Oil sands in-situ efficiency
Our next-generation, advanced in-situ oil recovery technology is designed to lower greenhouse gas emissions intensity and water use, while improving development economics. With current technology, steam is used to mobilize bitumen located underground so it can be produced to the surface. Our solvent-assisted, steam-assisted gravity drainage (SA-SAGD) technology enhances the mobilization of the bitumen by adding a light hydrocarbon fluid to the steam. Application of this technology in our operations is estimated to reduce greenhouse gas intensity and water use intensity by up to 25 percent, compared with traditional steam-assisted gravity drainage technology. In addition, the latest application of digital technologies such as automation and machine learning for steam flood and production optimization enable efficient recovery across our in-situ operations.

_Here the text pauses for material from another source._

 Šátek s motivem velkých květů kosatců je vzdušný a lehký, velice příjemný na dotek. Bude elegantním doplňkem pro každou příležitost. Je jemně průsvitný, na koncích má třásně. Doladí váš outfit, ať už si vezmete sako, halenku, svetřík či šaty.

Development of our prolific acreage position in the Vaca Muerta continued in 2018. This included completion of an agreement with Qatar Petroleum, providing them with a 30-percent equity interest in our unconventional developments in Argentina. Additionally, along with our partners, we gained a new unconventional exploitation concession in the Sierra Chata block. In 2018, we operated two of the most productive wells in the basin, and we set a record for drilling the longest lateral well in the Vaca Muerta at nearly 11,000 feet.
Asia / Middle East
ExxonMobil is pursuing multiple development and expansion projects in Asia and the Middle East. These projects involve some of the world’s largest oil and natural gas fields, with activities including testing the optimal limits of horizontal drilling, increasing development capacity, debottlenecking, and bringing on new resources. Exploration also continues in the region with the capture of new deepwater acreage offshore Pakistan and completion of a large 3D seismic program offshore Malaysia.

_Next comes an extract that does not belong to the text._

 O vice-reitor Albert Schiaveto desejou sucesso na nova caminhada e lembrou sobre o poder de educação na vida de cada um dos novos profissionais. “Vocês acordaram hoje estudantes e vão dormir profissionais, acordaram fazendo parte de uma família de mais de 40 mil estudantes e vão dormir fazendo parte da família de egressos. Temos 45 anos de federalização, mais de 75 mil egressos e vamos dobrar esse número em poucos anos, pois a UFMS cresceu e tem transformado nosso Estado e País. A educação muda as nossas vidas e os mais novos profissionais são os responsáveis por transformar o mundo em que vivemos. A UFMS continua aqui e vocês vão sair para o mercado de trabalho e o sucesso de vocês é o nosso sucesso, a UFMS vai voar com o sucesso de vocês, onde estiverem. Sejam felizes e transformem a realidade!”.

ExxonMobil is now the leading crude oil producer in Indonesia, with the Banyu Urip Central Processing Facility (CPF) continuing to demonstrate exceptional operating performance.
The original planned production rate of 165,000 oil-equivalent barrels per day has steadily increased and reached 220,000 oil-equivalent barrels per day by the end of 2018 with targeted debottlenecking.

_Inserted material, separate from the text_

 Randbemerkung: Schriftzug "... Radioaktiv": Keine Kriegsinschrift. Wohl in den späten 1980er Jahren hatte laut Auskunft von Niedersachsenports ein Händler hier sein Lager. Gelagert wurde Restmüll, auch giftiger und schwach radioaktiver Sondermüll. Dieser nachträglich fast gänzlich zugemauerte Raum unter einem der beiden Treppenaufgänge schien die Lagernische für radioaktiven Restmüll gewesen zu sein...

Additionally, reliability in 2017 and 2018 remained steady at an impressive 99 percent, a result of good reservoir management, plant optimization, and equipment reliability strategies.
ExxonMobil returned to Pakistan after 27 years, opening an office in Islamabad. We progressed several commercial agreements with key Pakistani natural gas entities to support LNG supply to the country, and acquired interest in Block G, located 143 miles offshore Pakistan, where we are participating in an exploration well in early 2019.
Capacity of 1 million barrels of oil per day targeted at Upper Zakum
United Arab Emirates (U.A.E.)
Upper Zakum in the U.A.E is one of the world’s largest oil fields, covering more than 1,150 square kilometers. In association with our joint venture partners, including Abu Dhabi National Oil Company (ADNOC), we are applying advanced reservoir simulation and extended-reach drilling technology to develop the field. Seven drilling rigs are currently operating from four artificial islands. Front-end engineering and design (FEED) will commence in 2019 to increase production capacity to 1 million barrels per day by 2024.
Ca Voi Xanh (Blue Whale)
The Blue Whale development is a potential domestic gas-to-power project that will provide secure and competitive energy to fuel the country’s economic growth. The development is supported by the largest known natural gas field in Vietnam, which we discovered in 2011. Significant progress on commercial agreements occurred during the year, and FEED commenced in early 2019.
Qatar produces more than one-fifth of the world’s LNG. Qatar’s North Field is part of the world’s largest non-associated natural gas field. Among IOCs, we hold the largest stake in Qatar’s upstream developments, with participation in the Ras Laffan and Qatargas LNG joint ventures, as well as natural gas projects Al Khaleej and Barzan. We have the largest equity share of the IOCs and participate in 12 of the 14 Qatari LNG trains.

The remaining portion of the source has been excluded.